# Great American BBQ Showdown Airs Sunday at 8 PM



## jcbarrin (Jan 15, 2010)

Don't miss Food Network's Challenge show this Sunday Jan 17 at 8 PM. The show is titled 'Great American BBQ Showdown' and was filmed in Greenwood, SC during the SC Festival of Discovery this past summer. Show features 4 bbq teams in a 'challenge' format. Teams are Checkered Pig (Tommy and Lisa Houston), Bub-ba-Q (Bubba and Shannon Latimer), Divine Smoke (Dennis and Debbie Dill and David Hord) and Black Jack Barbecue (Jimmy Hagood). 

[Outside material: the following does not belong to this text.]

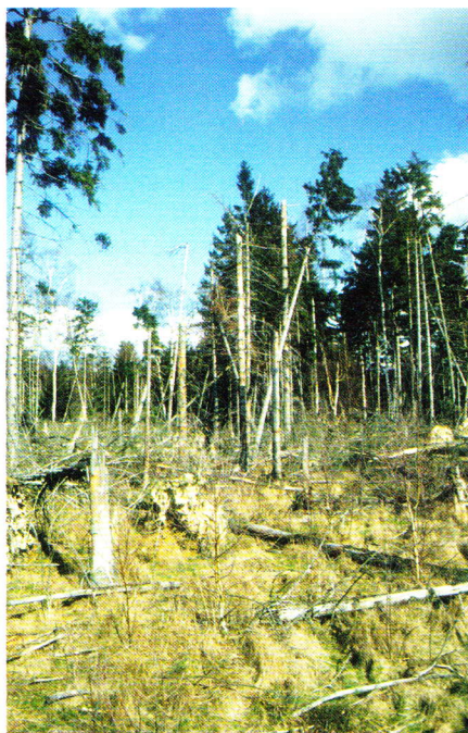
Abb. 8. Windwurf.

Bei den oviparen Populationen in Südwest- und im südlichen Europa kommt es zwischen Juni (Tieflandpopulationen in Frankreich) und Juli (Gebirgspopulationen in den Pyrenäen) zu Ablagen von etwa

http://www.foodnetwork.com/food-network ... index.html


----------



## Greg Rempe (Jan 15, 2010)

Cool...looking forward ot it...BBQ getting lots of face time these days

Thanks to the radio show, of course! :roll:  :roll:


----------



## bbquzz (Jan 15, 2010)

DVR Set .. Thanks for the tip jcbarrin!


----------



## Big Bears BBQ (Jan 16, 2010)

Thanks for the info.................


----------



## DJ (Jan 17, 2010)

Thanks,
dj


----------



## Captain Morgan (Jan 17, 2010)

setting my dvr right now, thanks for the heads up


----------



## john pen (Jan 17, 2010)

trying to set the timer on the beta tape machine as we speak..


----------



## ScottyDaQ (Jan 17, 2010)

Beta


----------



## WalterSC (Jan 24, 2010)

Already got it recorded and hav watched it several times . Good show I must say and all did a great job as well.


----------